• **ASSIGNMENT**
Images within the entries are to be omitted; the remainder must be reproduced exactly.

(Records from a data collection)

======

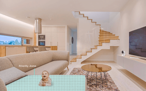Entérate de cuándo un niño salta al sofá o se sube a la cuna. Las Zonas Prioritarias le permiten dar prioridad a las áreas sensibles, de modo que sabrá cuándo algo o alguien ha entrado o salido de la zona.
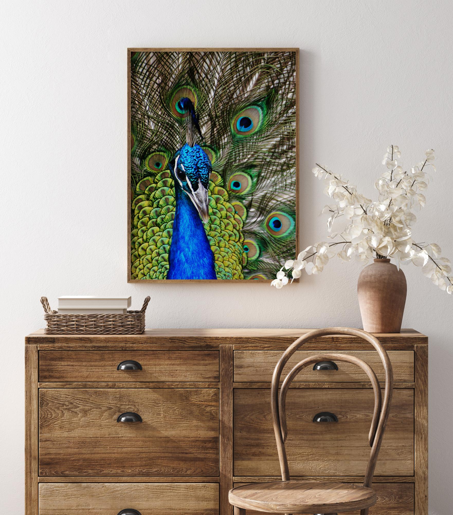 Μια εκπληκτική αφίσα κοντινού πλάνου με έναν παγώνι. Με τα μεγάλα, πολύχρωμα ουρά φτερά του και τα με μοτίβα σαν μάτια, αυτό το πολύχρωμο πλάσμα ακτινοβολεί στο φυσικό ηλιακό φως. Φέρτε την ομορφιά του πουλιού στο σπίτι με αυτήν την τέλεια αφίσα.
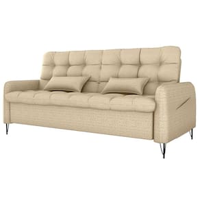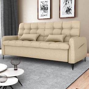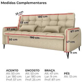 Estofado 2 em 1 para maior praticidade, conforto e aquele toque moderno para sua sala! Sofá cama Pillar 2 lugares, com estrutura em madeira Eucalipto de reflorestamento e percintas elásticas para maior resistência. Assento e encosto com espuma D20 soft e braças em espuma D23, revestidos em tecido Vancouver Linen (linho misto: resistente, levemente texturizado e de visual contemporâneo, com composição em poliéster). Sistema retrátil com catraca que permite abertura para função cama. Pés em ferro e bolsos laterais (35x37 cm) para armazenamento de objetos. Suporta até 110 kg por assento e acompanha 2 almofadas decorativas. Este móvel chegará em sua casa separado em 01 volume.
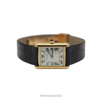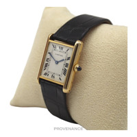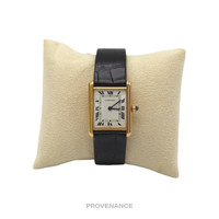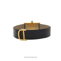 Cartier Tank LC A/BD- 18K Yellow Gold Watch 100% Authentic - Money Back Guarantee ORIGINAL RETAIL TOTE, TRAVEL CASE, PAPERS, STRAP INCLUDED Condition Notes: some signs of cosmetic wear Brand New Alligator strap from Cartier Original alligator strap included (poor condition) - Classic Cartier Tank LC - 18K yellow gold case and original Cartier deployant clasp - Mechanical movement - c. 1970s
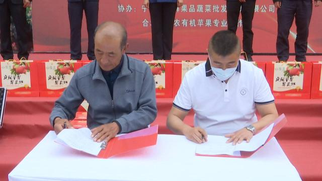 推介会上,合水县利农有机苹果专业合作社与宁夏四季鲜果品蔬菜批发市场好多果(宁夏)农副产品销售有限公司订了供销协议。
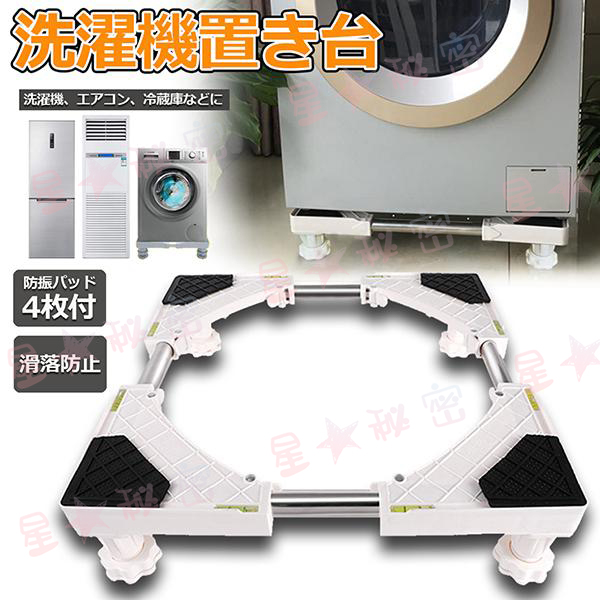■洗濯機置き台 洗濯機 台座かさ上げ かさ上げ台 冷蔵庫置き台 高さを調節可能 ドラム式 全自動洗濯機 幅 奥行42 62cm対応 防振パッド付き

======

• **RESPONSE TO THIS EXERCISE**
Entérate de cuándo un niño salta al sofá o se sube a la cuna. Las Zonas Prioritarias le permiten dar prioridad a las áreas sensibles, de modo que sabrá cuándo algo o alguien ha entrado o salido de la zona.
 Μια εκπληκτική αφίσα κοντινού πλάνου με έναν παγώνι. Με τα μεγάλα, πολύχρωμα ουρά φτερά του και τα με μοτίβα σαν μάτια, αυτό το πολύχρωμο πλάσμα ακτινοβολεί στο φυσικό ηλιακό φως. Φέρτε την ομορφιά του πουλιού στο σπίτι με αυτήν την τέλεια αφίσα.
 Estofado 2 em 1 para maior praticidade, conforto e aquele toque moderno para sua sala! Sofá cama Pillar 2 lugares, com estrutura em madeira Eucalipto de reflorestamento e percintas elásticas para maior resistência. Assento e encosto com espuma D20 soft e braças em espuma D23, revestidos em tecido Vancouver Linen (linho misto: resistente, levemente texturizado e de visual contemporâneo, com composição em poliéster). Sistema retrátil com catraca que permite abertura para função cama. Pés em ferro e bolsos laterais (35x37 cm) para armazenamento de objetos. Suporta até 110 kg por assento e acompanha 2 almofadas decorativas. Este móvel chegará em sua casa separado em 01 volume.
 Cartier Tank LC A/BD- 18K Yellow Gold Watch 100% Authentic - Money Back Guarantee ORIGINAL RETAIL TOTE, TRAVEL CASE, PAPERS, STRAP INCLUDED Condition Notes: some signs of cosmetic wear Brand New Alligator strap from Cartier Original alligator strap included (poor condition) - Classic Cartier Tank LC - 18K yellow gold case and original Cartier deployant clasp - Mechanical movement - c. 1970s
 推介会上,合水县利农有机苹果专业合作社与宁夏四季鲜果品蔬菜批发市场好多果(宁夏)农副产品销售有限公司订了供销协议。
■洗濯機置き台 洗濯機 台座かさ上げ かさ上げ台 冷蔵庫置き台 高さを調節可能 ドラム式 全自動洗濯機 幅 奥行42 62cm対応 防振パッド付き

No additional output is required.